» **Exercise prompt**
Once you find the line below that has "På övervåningen fanns", output it and every line after it exactly, stopping after the line that has "我许可 必须为《我许可》打c", with no pictures.

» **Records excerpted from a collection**
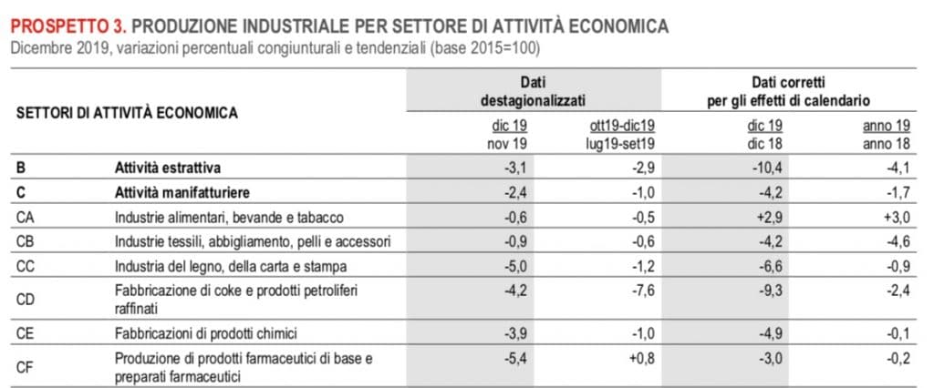A dicembre 2019 si stima che l’indice destagionalizzato della produzione industriale diminuisca del 2,7% rispetto a novembre, mentre per l’indice corretto per gli effetti di calendario si stima una flessione, in termini tendenziali, del 4,3%. I giorni lavorativi sono stati 20 contro i 19 di dicembre 2018.
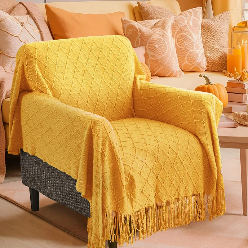【GIFT IDEAS】: Special knitted diamond patterns add a unique accent to your room and people draping it as a shawl. Very suitable for tasteful homeowners. Throw blanket for women, classic but not too tacky as a housewarming gift. Tips: Due to different lighting, display settings, or resolutions, the difference in color happens.
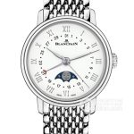 Basic Information Number: 6106-1127-MMB Brand: Blancpain Classic Gender: Ladies Movement: Movement Model: 913QL Manufacturer: Unknown Movement Diameter: 23.70 mm Movement Thickness: 4.5 mm Frequency: 21,600 vibrations per hour Hairspring: Silicon Hairspring Jewels: 20 Number of Parts: 246 Power Reserve: 40 hours Exterior Case Diameter: 29.20 mm Case Thickness: 10.35 mm Dial Color: White Dial Shape: Round Strap Color: Silver Clasp Type: Folding Clasp Case Back: Transparent Weight: Not Available Water Resistance: 30 meters Hour Markers: Roman Numerals Clasp Spacing: Not Available Lug Spacing: 15 mm Materials Case Material: Stainless Steel Dial Material: Not Available Bezel Material: Stainless Steel Crystal Material: Sapphire Crystal Glass Crown Material: Stainless Steel Strap Material: Stainless Steel Clasp Material: Stainless Steel Functions Date Display Moon Phase
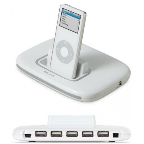 The latest innovation from USB leader Belkin integrates an iPod dock with a five-port USB 2.0 hub. With its slim and elegant design and top-load dock, this product saves your valuable desktop space. It adds a convenient stereo-out jack that lets you listen to your music by connecting your stereo, powered speakers, or headphones while the iPod charges. Designed to work seamlessly with all your USB 1.1 and USB 2.0 devices, the Belkin TuneSync for iPod lets you connect up to five USB 2.0 devices, such as your printer, scanner, hard drive, digital camera, thumb drive, media readers, and more to your computer. LEDs monitor your device activity for master power status and all port activity.
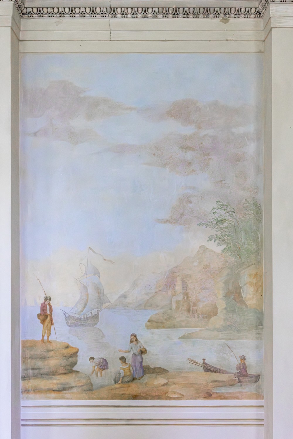 På övervåningen fanns de representativa bostadsrummen, däribland en stor matsal och en balsal med halvcirkelformade mosaikpelare. Balsalen är delvis restaurerad med bearbetade väggmålningar och förnyade fönster.
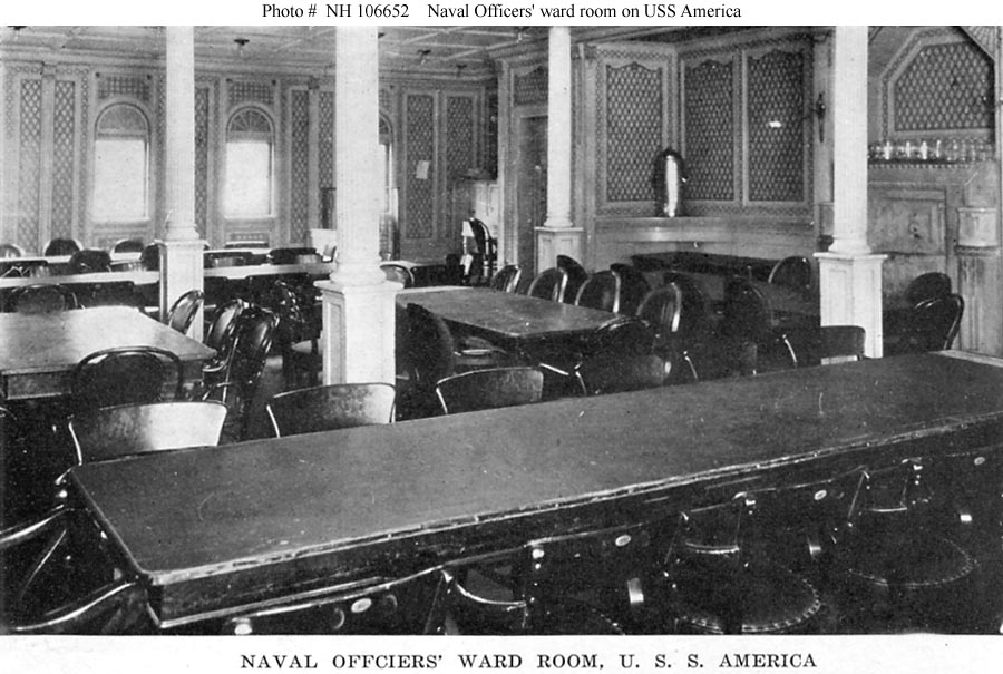 Halftone reproduction of a photograph of the ship's Naval officers' ward room, circa 1919.
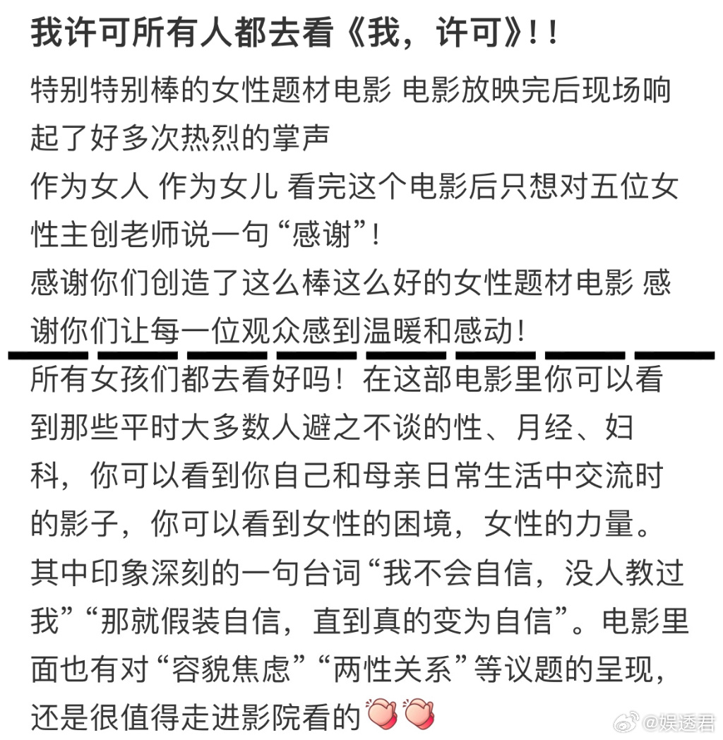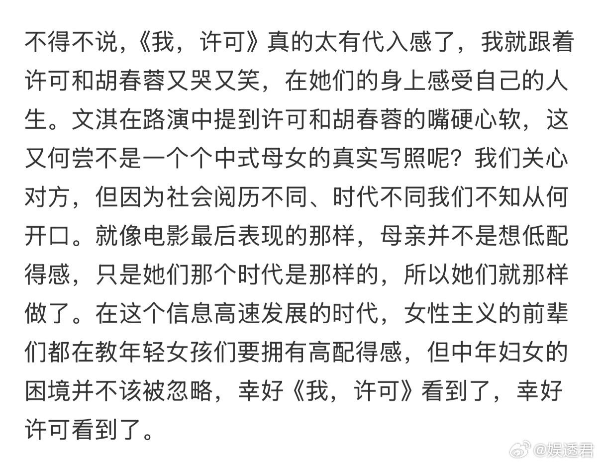 我许可 必须为《我许可》打call!文淇和秦海璐的精彩表现让代际话题和女性自我觉醒变得引人入胜。没有狗血的洒狗血剧情,没有夸张的煽情表演,在真实的日常对话和嬉笑争吵中,展现出女性之间深厚的情感和共同成长的决心,爱了!
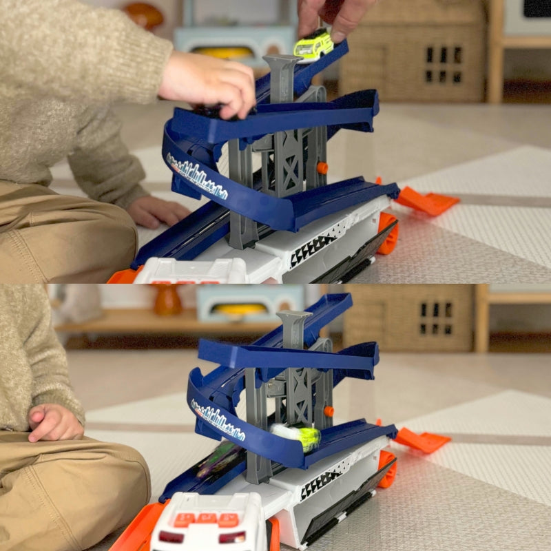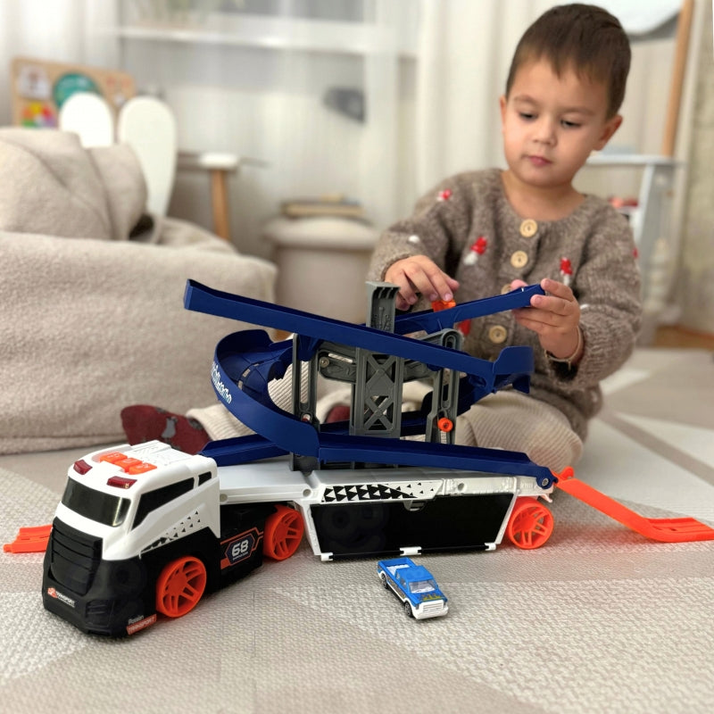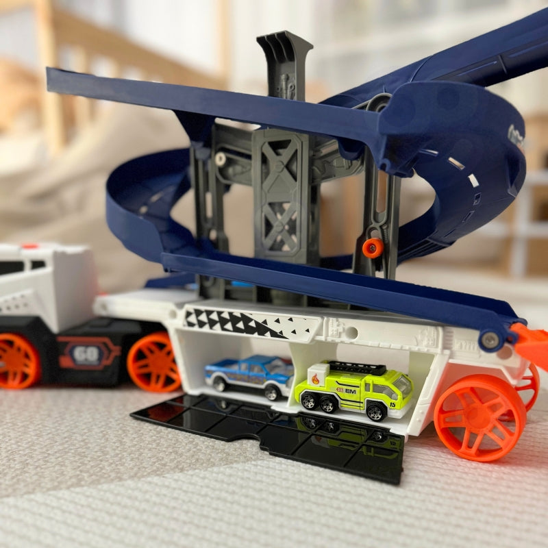 - Zabawka posiada dodatkowy parking na górze naczepy, z którego dzieci mogą rozpędzać autka i wyskakiwać nimi, co wprowadza do zabawy element dynamiki i zręczności.

» **Answer space**
 På övervåningen fanns de representativa bostadsrummen, däribland en stor matsal och en balsal med halvcirkelformade mosaikpelare. Balsalen är delvis restaurerad med bearbetade väggmålningar och förnyade fönster.
 Halftone reproduction of a photograph of the ship's Naval officers' ward room, circa 1919.
 我许可 必须为《我许可》打call!文淇和秦海璐的精彩表现让代际话题和女性自我觉醒变得引人入胜。没有狗血的洒狗血剧情,没有夸张的煽情表演,在真实的日常对话和嬉笑争吵中,展现出女性之间深厚的情感和共同成长的决心,爱了!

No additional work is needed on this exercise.